Even in the European Union, which has expressed a strong commitment to decarbonization, emissions were up 1.8 percent in 2017. and down 2.5 percent in 2018, resulting in little progress toward decarbonization. Every year that passes where emissions fail to decrease puts the goal of staying under a trillion tonnes farther out of reach.

With continued 2.5 percent compound growth, we hit our trillion-tonne limit in under 27 years. And if the trend continues beyond that time, the dark magic of exponential growth brings our planet to two trillion tonnes in 50 years (4 degrees Celsius of warming, or 7.2 degrees Fahrenheit) and three trillion tonnes (6 degrees Celsius warming, or roughly 10.8 degrees Fahrenheit) just 86 years from now. Just 2 degrees Celsius of warming would have been bad enough; 4 degrees Celsius of global warming would be “cataclysmic,” said a report by the World Bank – hardly a bunch of radical environmentalists. The impacts are familiar: increased forest fires, drought in some places but deluges in others, loss of Arctic sea ice, increase in deadly heat waves, increased food insecurity, sea level rise, and biodiversity loss, among many other impacts – and we know for certain that the hotter it gets, the worse it gets.

And land warms more than the global average, and Arctic warming is even more amplified than land warming. An additional consideration is that there’s a 50–50 chance that the warming is worse than these mid-range forecasts, perhaps much worse. Heat stress could make half the planet uninhabitable for mammals outdoors.

That’s all unquestionably bad news. The question is not whether to panic, but how to respond constructively to the entirely justifiable anxiety about the climate disruption we are bringing upon ourselves.

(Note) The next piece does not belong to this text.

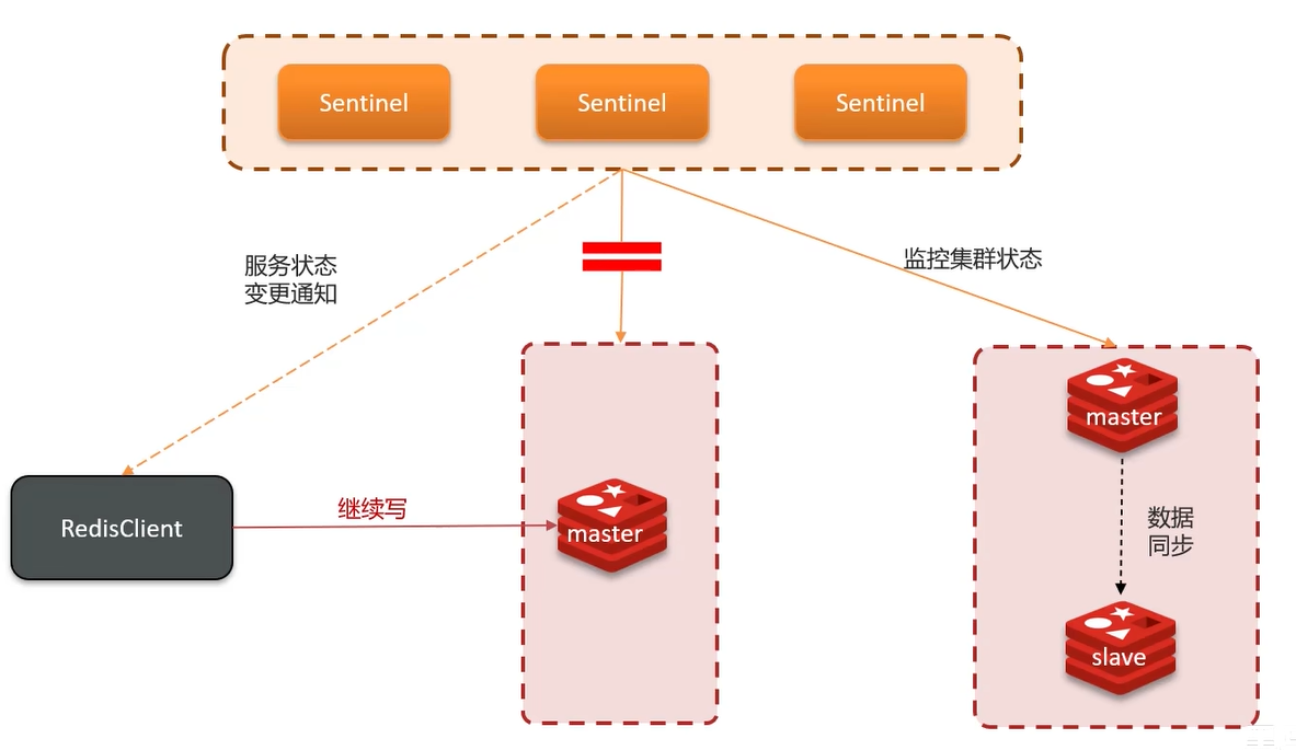 - 如果主节点宕机,提升一个从节点为主节点。旧主节点恢复工作了,也以新主节点为主。

A great deal of confusion has been caused by a misreading of the recent Intergovernmental Panel on Climate Change report on the benefits of halting warming at 1.5 degrees Celsius instead of the more usual target of 2 degrees Celsius. Of course, the carbon budget compatible with holding warming under 1.5 degrees Celsius is lower than a trillion tonnes. Once we allow for the warming caused by human-caused greenhouse gases such as methane and nitrous oxide, some estimates put the threshold low enough that in order to have a reasonable chance of avoiding it, carbon dioxide emissions would have to start declining right now. In one scenario discussed in the report, carbon dioxide emissions would have to decline by about 50 percent in just 12 years, and fall to zero not too long afterward.

This has led to headlines such as “We have 12 years to limit climate change catastrophe” in The Guardian. Rep. Alexandria Ocasio-Cortez (D-NY), in launching her largely worthy version of the Green New Deal, incorrectly stated that human-caused climate change will “destroy the planet” if action is not taken within 12 years – symptomatic of the misperception of the situation in many quarters. Statements like this fail to recognize the meaning of a warming target such as 1.5 degrees Celsius or 2 degrees Celsius.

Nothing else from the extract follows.